[Records drawn from a dataset]
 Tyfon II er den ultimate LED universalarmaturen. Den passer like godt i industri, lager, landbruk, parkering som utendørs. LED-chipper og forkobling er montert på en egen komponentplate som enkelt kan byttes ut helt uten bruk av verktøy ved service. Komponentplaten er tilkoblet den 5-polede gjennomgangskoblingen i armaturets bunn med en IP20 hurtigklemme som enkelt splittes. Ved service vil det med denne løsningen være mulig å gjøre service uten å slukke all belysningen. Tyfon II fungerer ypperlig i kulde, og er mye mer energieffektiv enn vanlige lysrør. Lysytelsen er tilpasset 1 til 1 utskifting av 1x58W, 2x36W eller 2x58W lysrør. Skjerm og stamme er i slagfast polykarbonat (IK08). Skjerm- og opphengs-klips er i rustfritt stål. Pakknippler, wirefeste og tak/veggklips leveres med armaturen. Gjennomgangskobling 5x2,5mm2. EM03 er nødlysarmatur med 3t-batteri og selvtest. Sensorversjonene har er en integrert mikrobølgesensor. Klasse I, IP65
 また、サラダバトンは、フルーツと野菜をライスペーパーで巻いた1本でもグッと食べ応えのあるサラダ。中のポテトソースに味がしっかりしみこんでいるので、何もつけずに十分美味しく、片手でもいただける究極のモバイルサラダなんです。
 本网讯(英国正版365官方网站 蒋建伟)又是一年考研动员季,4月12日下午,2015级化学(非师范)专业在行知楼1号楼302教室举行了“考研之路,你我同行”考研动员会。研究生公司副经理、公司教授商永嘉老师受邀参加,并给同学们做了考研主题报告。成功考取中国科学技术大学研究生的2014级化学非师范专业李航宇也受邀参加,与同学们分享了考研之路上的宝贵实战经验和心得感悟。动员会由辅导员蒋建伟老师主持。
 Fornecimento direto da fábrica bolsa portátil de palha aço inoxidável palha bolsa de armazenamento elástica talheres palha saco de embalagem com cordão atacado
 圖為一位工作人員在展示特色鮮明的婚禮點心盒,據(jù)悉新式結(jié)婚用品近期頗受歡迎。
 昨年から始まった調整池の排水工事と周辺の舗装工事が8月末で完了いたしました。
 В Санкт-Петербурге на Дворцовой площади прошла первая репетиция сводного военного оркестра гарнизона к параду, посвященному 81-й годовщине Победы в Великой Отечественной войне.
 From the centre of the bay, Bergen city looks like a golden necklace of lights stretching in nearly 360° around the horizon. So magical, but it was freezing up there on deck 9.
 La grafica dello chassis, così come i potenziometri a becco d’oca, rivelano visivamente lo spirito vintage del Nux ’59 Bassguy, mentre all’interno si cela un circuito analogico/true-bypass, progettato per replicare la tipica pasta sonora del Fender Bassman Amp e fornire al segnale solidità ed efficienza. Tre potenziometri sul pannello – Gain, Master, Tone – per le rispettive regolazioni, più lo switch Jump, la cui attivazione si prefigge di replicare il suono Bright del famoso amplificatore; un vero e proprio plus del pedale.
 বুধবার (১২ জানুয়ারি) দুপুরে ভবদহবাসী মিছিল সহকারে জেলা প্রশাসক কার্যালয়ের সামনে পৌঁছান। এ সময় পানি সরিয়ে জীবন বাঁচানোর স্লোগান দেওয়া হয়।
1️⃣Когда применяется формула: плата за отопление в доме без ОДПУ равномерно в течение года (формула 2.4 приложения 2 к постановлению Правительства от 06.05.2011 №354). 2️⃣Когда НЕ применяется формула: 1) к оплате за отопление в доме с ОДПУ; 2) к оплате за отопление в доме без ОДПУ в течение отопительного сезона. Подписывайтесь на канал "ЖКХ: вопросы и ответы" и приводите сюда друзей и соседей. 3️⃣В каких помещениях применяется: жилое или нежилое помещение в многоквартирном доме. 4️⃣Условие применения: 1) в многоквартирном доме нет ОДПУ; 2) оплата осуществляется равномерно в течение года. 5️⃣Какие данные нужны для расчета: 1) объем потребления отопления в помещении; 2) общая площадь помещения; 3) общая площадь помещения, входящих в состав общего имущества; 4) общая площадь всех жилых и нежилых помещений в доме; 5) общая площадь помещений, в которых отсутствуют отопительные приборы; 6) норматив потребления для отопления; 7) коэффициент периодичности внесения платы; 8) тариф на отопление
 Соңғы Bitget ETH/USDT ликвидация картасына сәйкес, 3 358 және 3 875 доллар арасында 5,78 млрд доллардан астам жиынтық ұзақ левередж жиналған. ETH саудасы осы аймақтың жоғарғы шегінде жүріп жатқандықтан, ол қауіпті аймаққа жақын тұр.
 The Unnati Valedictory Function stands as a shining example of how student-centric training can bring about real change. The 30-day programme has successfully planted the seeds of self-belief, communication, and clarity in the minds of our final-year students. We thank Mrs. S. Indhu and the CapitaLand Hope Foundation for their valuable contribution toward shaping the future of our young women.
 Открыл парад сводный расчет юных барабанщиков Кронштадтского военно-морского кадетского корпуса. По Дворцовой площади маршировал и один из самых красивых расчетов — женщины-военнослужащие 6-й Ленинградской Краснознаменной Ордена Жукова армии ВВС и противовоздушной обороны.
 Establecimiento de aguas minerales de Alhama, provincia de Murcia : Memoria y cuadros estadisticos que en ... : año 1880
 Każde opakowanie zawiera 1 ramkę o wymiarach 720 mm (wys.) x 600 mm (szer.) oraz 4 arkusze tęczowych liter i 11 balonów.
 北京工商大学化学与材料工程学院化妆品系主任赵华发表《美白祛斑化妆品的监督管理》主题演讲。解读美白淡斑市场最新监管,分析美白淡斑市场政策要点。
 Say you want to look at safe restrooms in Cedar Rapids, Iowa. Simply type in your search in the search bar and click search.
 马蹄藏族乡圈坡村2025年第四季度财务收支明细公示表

### GOAL OF THE EXERCISE
Please filter the data down to the lines containing the word "like".

### EXPECTED ANSWER
 Tyfon II er den ultimate LED universalarmaturen. Den passer like godt i industri, lager, landbruk, parkering som utendørs. LED-chipper og forkobling er montert på en egen komponentplate som enkelt kan byttes ut helt uten bruk av verktøy ved service. Komponentplaten er tilkoblet den 5-polede gjennomgangskoblingen i armaturets bunn med en IP20 hurtigklemme som enkelt splittes. Ved service vil det med denne løsningen være mulig å gjøre service uten å slukke all belysningen. Tyfon II fungerer ypperlig i kulde, og er mye mer energieffektiv enn vanlige lysrør. Lysytelsen er tilpasset 1 til 1 utskifting av 1x58W, 2x36W eller 2x58W lysrør. Skjerm og stamme er i slagfast polykarbonat (IK08). Skjerm- og opphengs-klips er i rustfritt stål. Pakknippler, wirefeste og tak/veggklips leveres med armaturen. Gjennomgangskobling 5x2,5mm2. EM03 er nødlysarmatur med 3t-batteri og selvtest. Sensorversjonene har er en integrert mikrobølgesensor. Klasse I, IP65
 From the centre of the bay, Bergen city looks like a golden necklace of lights stretching in nearly 360° around the horizon. So magical, but it was freezing up there on deck 9.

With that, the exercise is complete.